▶ _ACTIVITY_
Could you write out the listing below exactly as it stands, leaving out the pictures?

▶ _PROVIDED DATA_
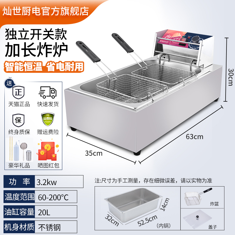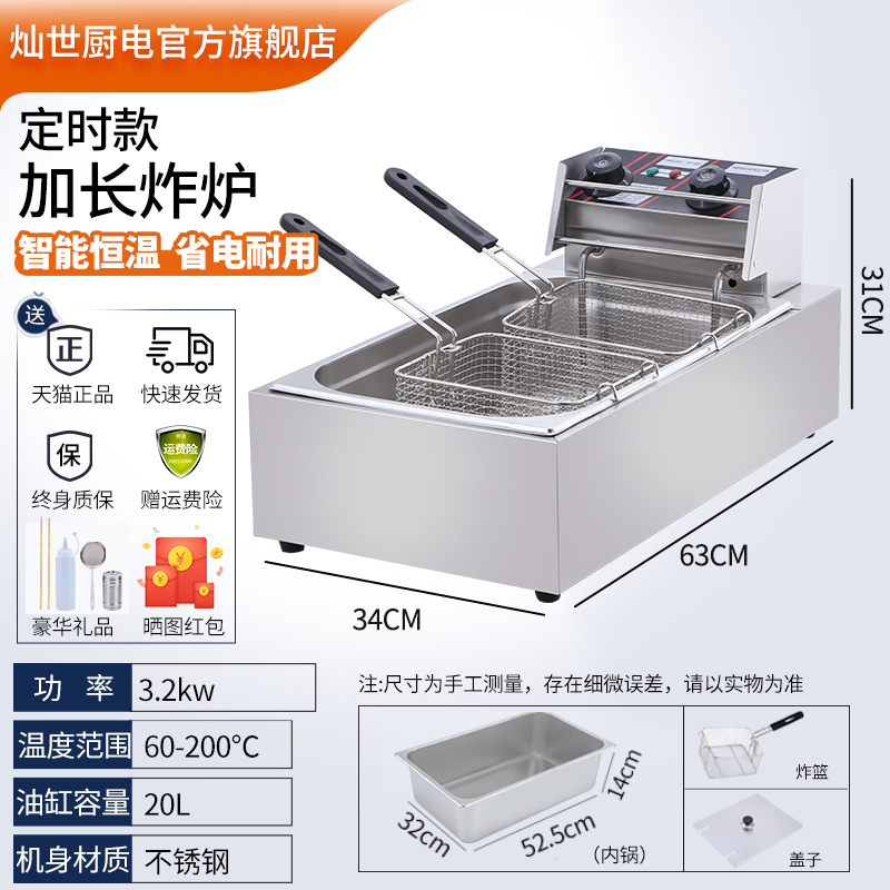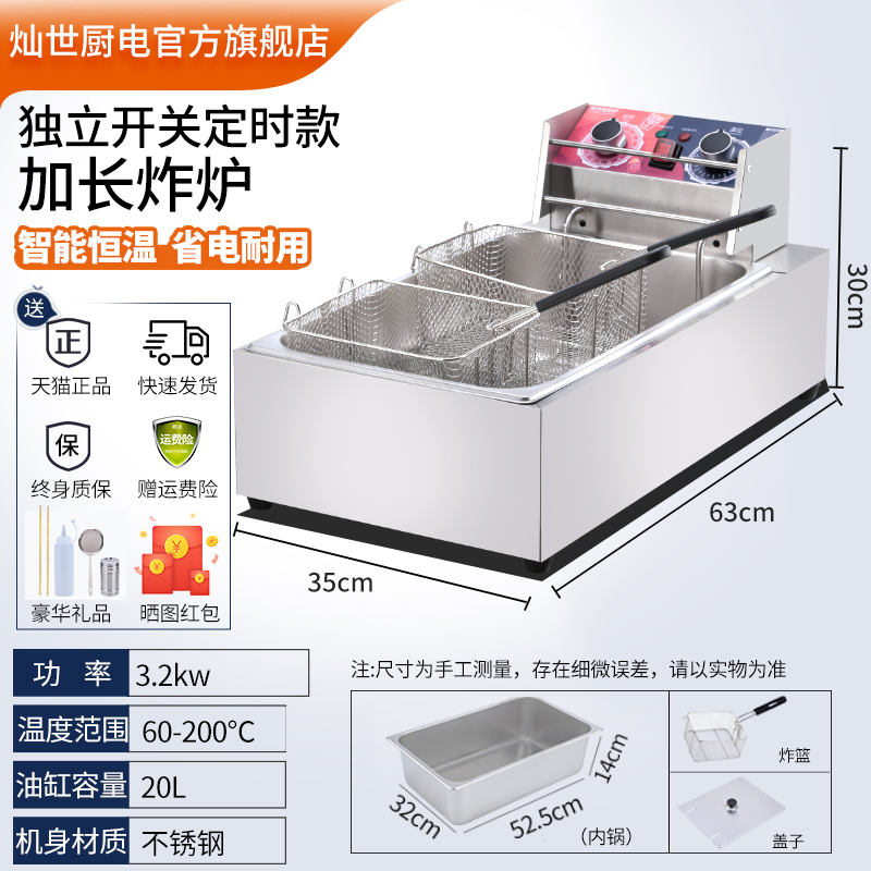 Large-cylinder double-sieve timed frying oven (with independent switch)
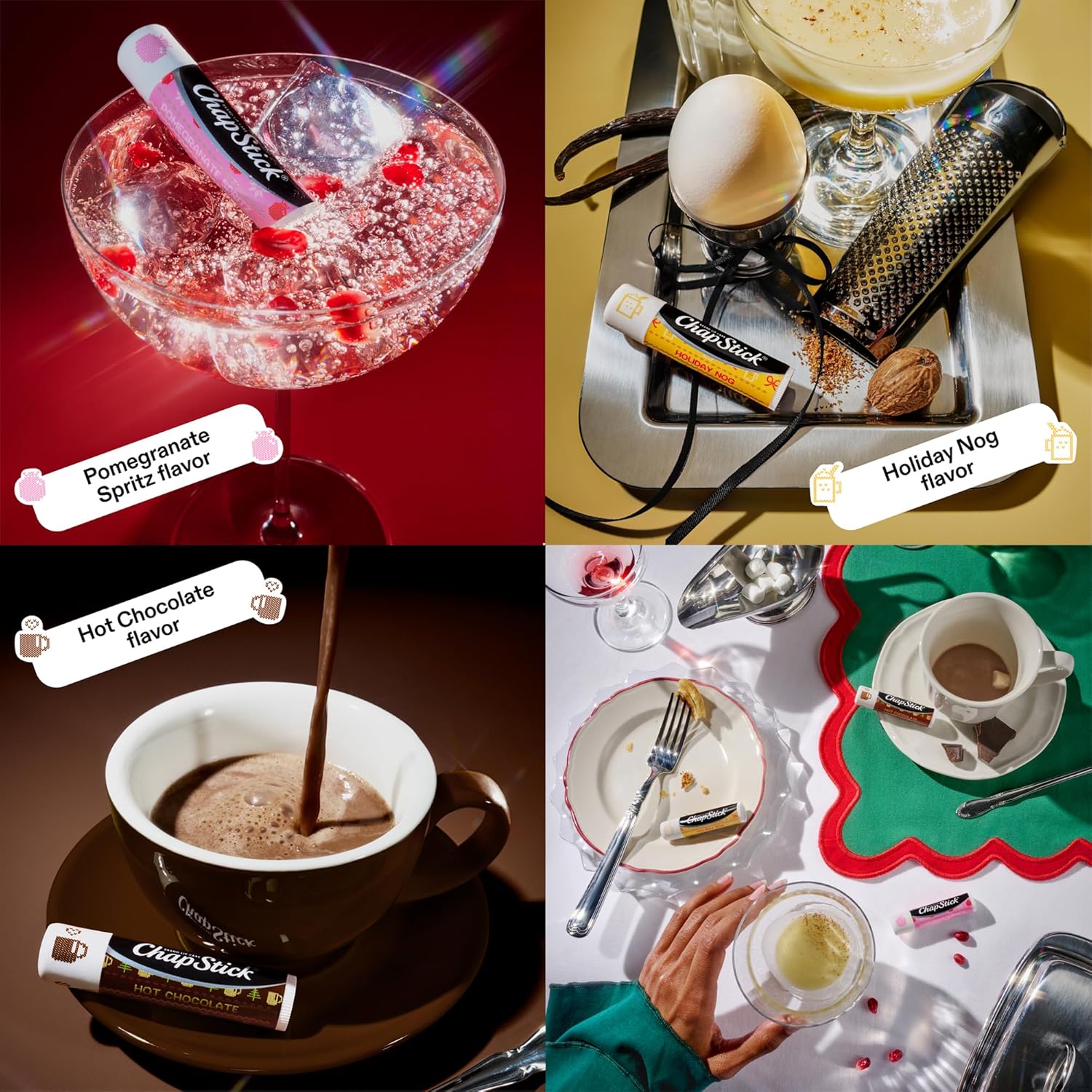 CHAPSTICKS FOR GIFTING: Celebrate the season with a cozy collection of ChapStick packs: Candy Cane and Sips & Snuggles (Holiday Nog, Pomegranate Spritz, Hot Chocolate) in holiday-themed packaging.
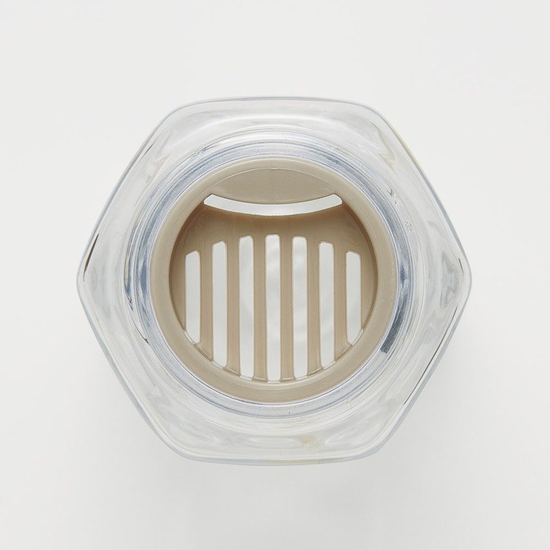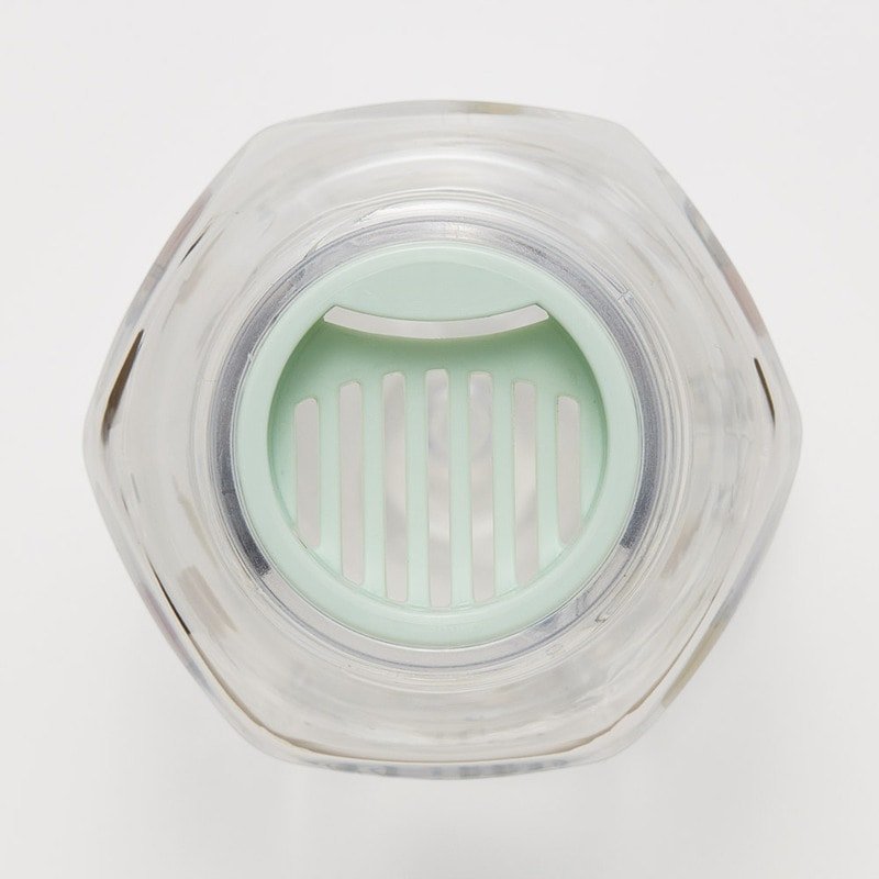 Skater x Miffy 採用瓶體以六角形設計,好抓好握不易滾動 在瓶口附有濾網的出水設計,兼具飲用與減少喝到冰塊、茶渣等問題

▶ _TASK OUTPUT_
 Large-cylinder double-sieve timed frying oven (with independent switch)
 CHAPSTICKS FOR GIFTING: Celebrate the season with a cozy collection of ChapStick packs: Candy Cane and Sips & Snuggles (Holiday Nog, Pomegranate Spritz, Hot Chocolate) in holiday-themed packaging.
 Skater x Miffy 採用瓶體以六角形設計,好抓好握不易滾動 在瓶口附有濾網的出水設計,兼具飲用與減少喝到冰塊、茶渣等問題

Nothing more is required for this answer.